Photon machine learning in many different areas of research engineers to provide a wide range of value nowAlready open.

What Photon Machine learning is?

Photon mass regression machine learning to provide support, the support band L1, L2 and elastic-net regularized linear regression, logistic regression and Poisson regression. Photon machine learning provide alternative diagnostic model, create a table to help diagnose problems fitting model and optimization. Photon machine learning to achieve a generalized mixed effect model experimental nature, will be described in detail below.

In Photon machine learning how to use LinkedIn?

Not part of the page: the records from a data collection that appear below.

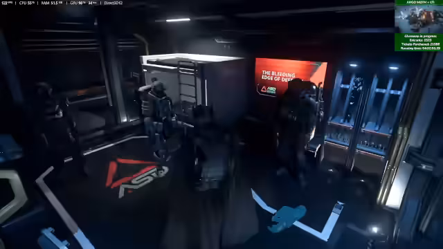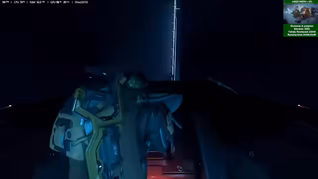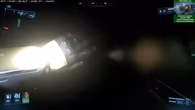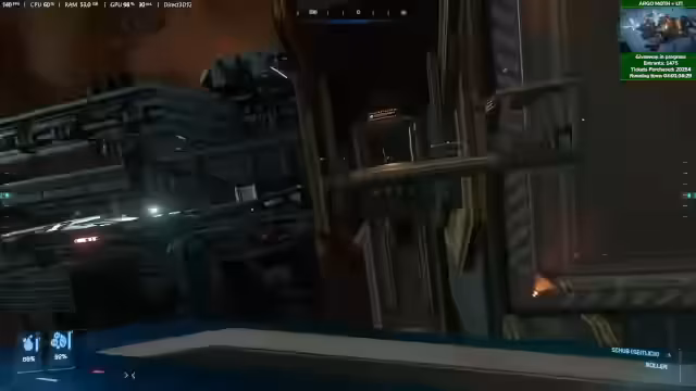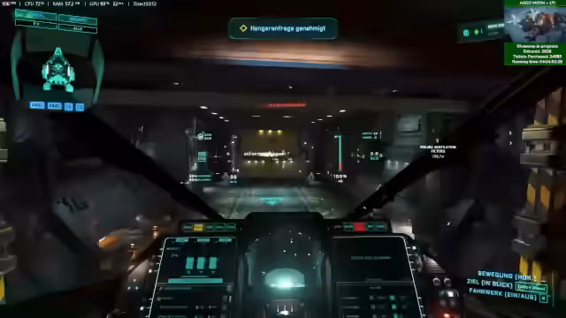 01:02:57Nach dem Kauf der Waffen und Munition werden die Vorbereitungen für eine Salvage-Mission getroffen. Es wird eine Medic Pisces als Respawn-Schiff geholt. Der Streamer und sein Flügelpartner Wolf starten den Flug ins AOI-Vendor-Gebiet. Während des Fluges wird eine Diskussion über die Performance mit DLSS geführt. Der Streamer analysiert, dass die Leistung der CPU limitiert ist und die 5090-Grafikkarte bei 2K-Auflösung nicht voll ausgelastet wird, weshalb DLSS wenig bringt.
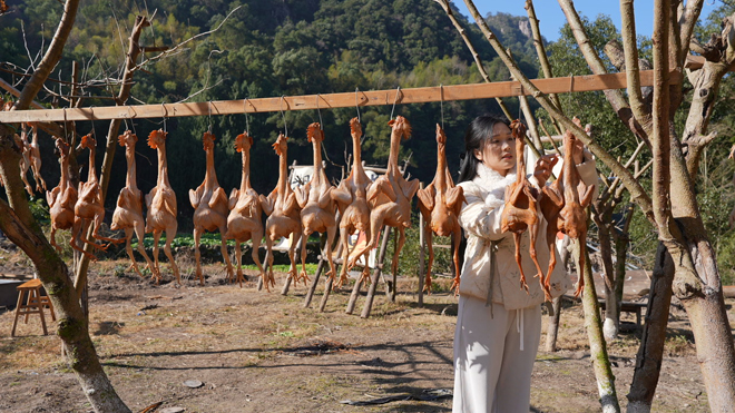 重返村庄的楠溪小六,彻底放下了“速成”的执念,跟着四季的节奏扎根乡村:春挖竹笋、夏摘西瓜、秋晒番薯枣、冬做酱货,用镜头记录下最本真的田园日常。她帮老人把后山的金银花、自家晾晒的笋干菜干一一推广出去,不多的收入,却让村民们攥着现金露出了眼里的光——那是“自己种的东西被认可”的踏实与自豪。
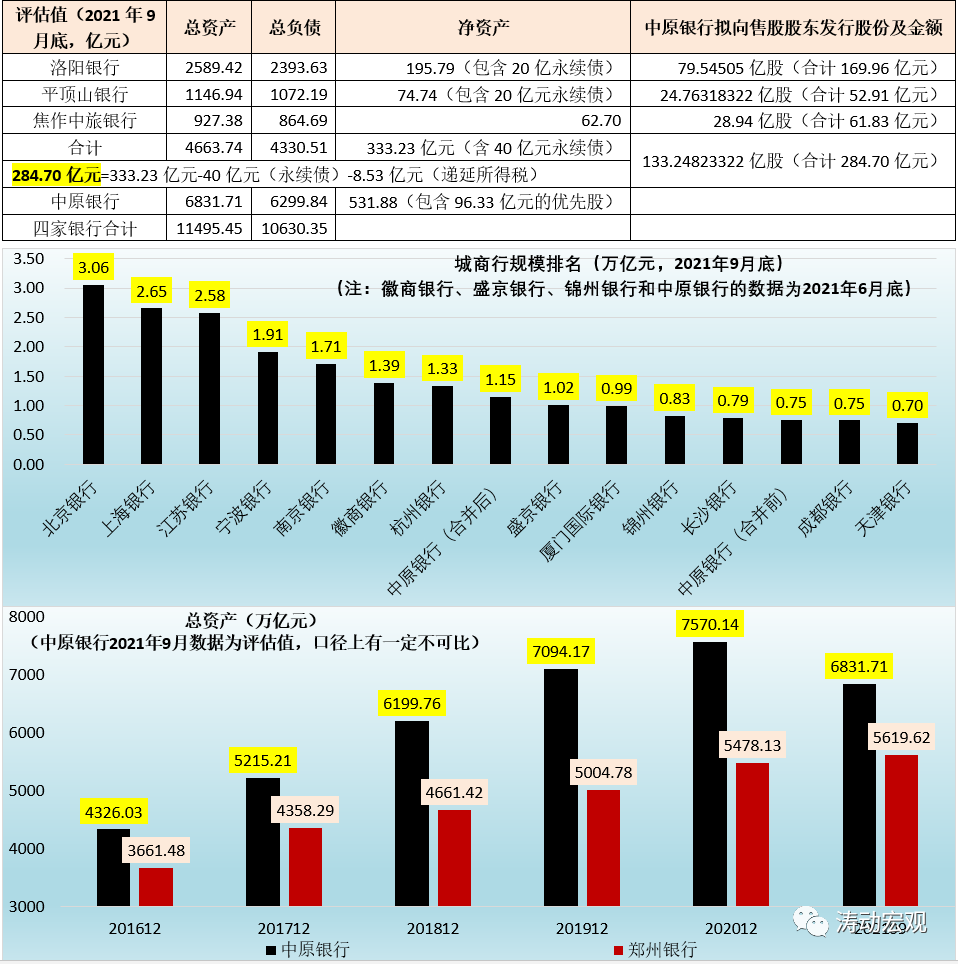 根據中原銀行發布的公告,本次吸收合并完成后,其總資產規模將突破1萬億元(2021年底的總資產預計將達到1.20萬億左右),歸母凈資產超過700億元、在城商行中的總資產排名將由之前的第12位提升至8位。
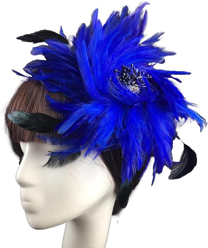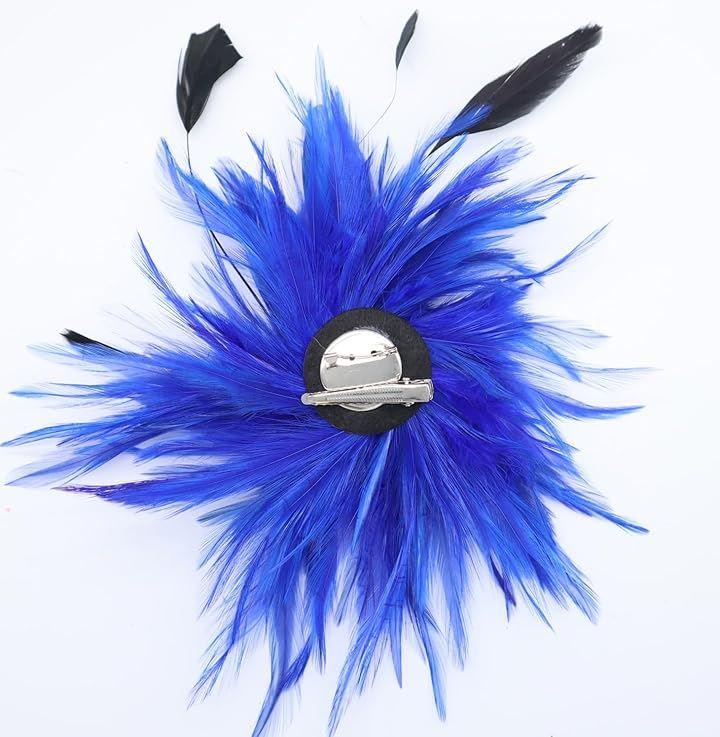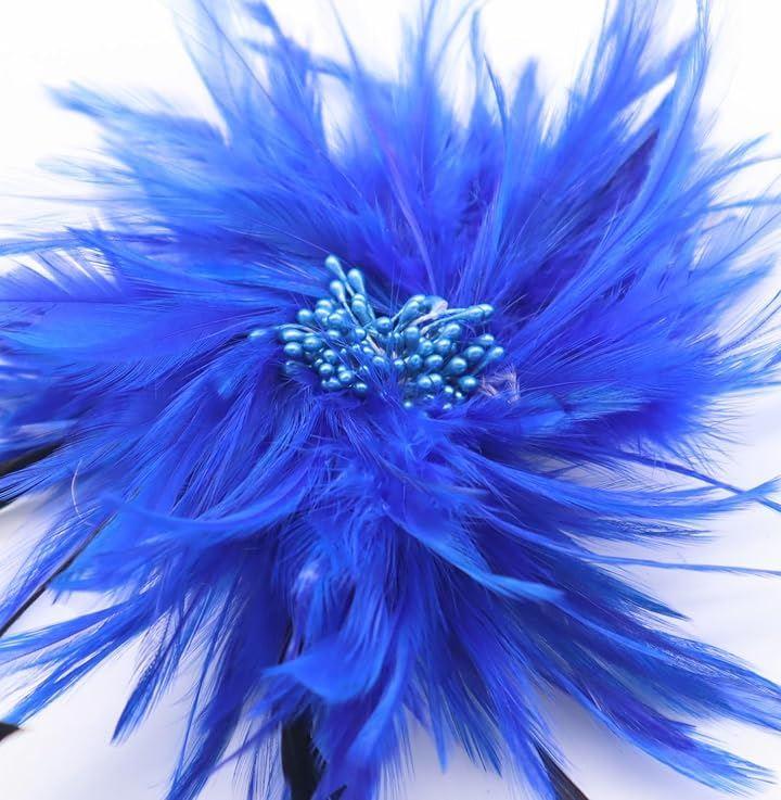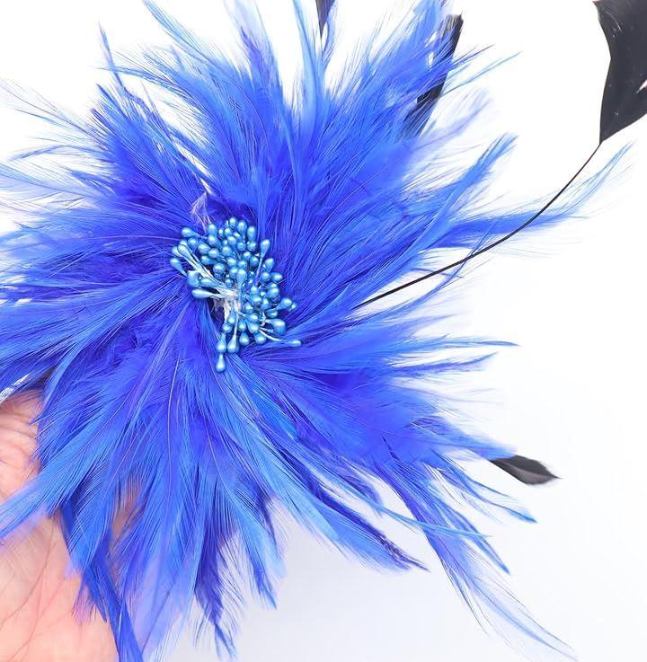 1. 「華やかなデザイン」 鮮やかな赤色のフェザーが目を引くこのヘッドドレスは、中心に輝くビーズとスパンコールで装飾された花のモチーフが特徴です。
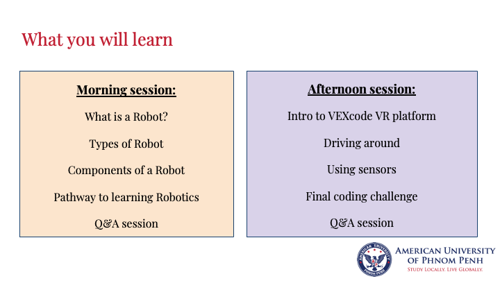 In the afternoon session, we will be able to experience how to program a robot through hands-on coding session using an online robotics platform called VEXCode VR. After learning, participants will gain the skills to continue to use the platform by themselves.
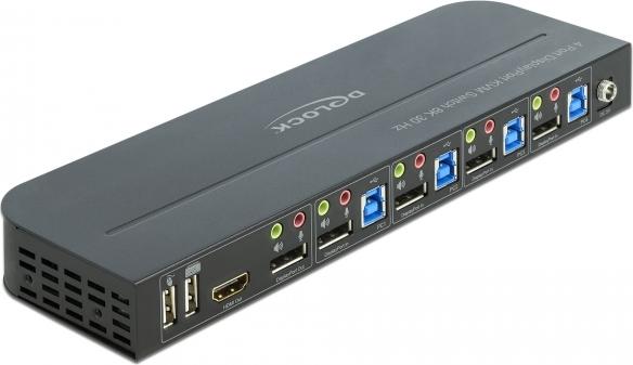 Aktuell habe ich noch einen Desktop Computer unter Debian Linux angeschlossen, Die Umschaltung des 4K Display-Port Monitors, USB Tastatur am entsprechenden KVM Switch Anschluss, analog Audio, USB Headset, USB Drucker funktioniert soweit gut mit einem zusätzlichen USB3 Hub am KVM Switch.
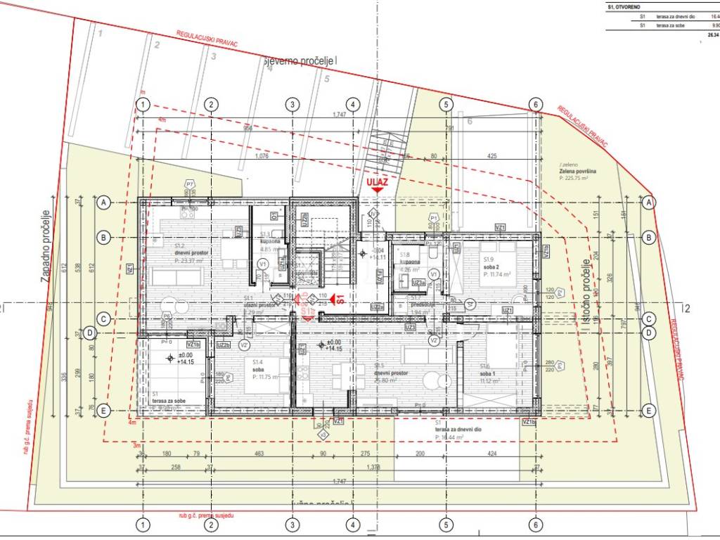 Das Gebäude besteht aus sechs Wohnungen, von denen jede über einen eigenen Parkplatz verfügt, und das Objekt unterliegt der Mehrwertsteuer (MwSt.).

A typical machine learning systems represented in the following flowchart. The first stage is pre-processing of data, clear data from the online system, create tables, feature extraction. The next stage is the application of machine learning algorithms to recommend learning system or search system function to get a good score, and then select the best model. Finally, the optimal model online A / B test publisher to test its impact on the user experience.

Photon Machine learning is the core of the company LinkedIn model training can be used as an alternative to other hot-swappable machine learning libraries. In the flow chart above, the circles represent the behavior of representatives of the cylinder data sets.

Learning how to run Photon machine in the cluster?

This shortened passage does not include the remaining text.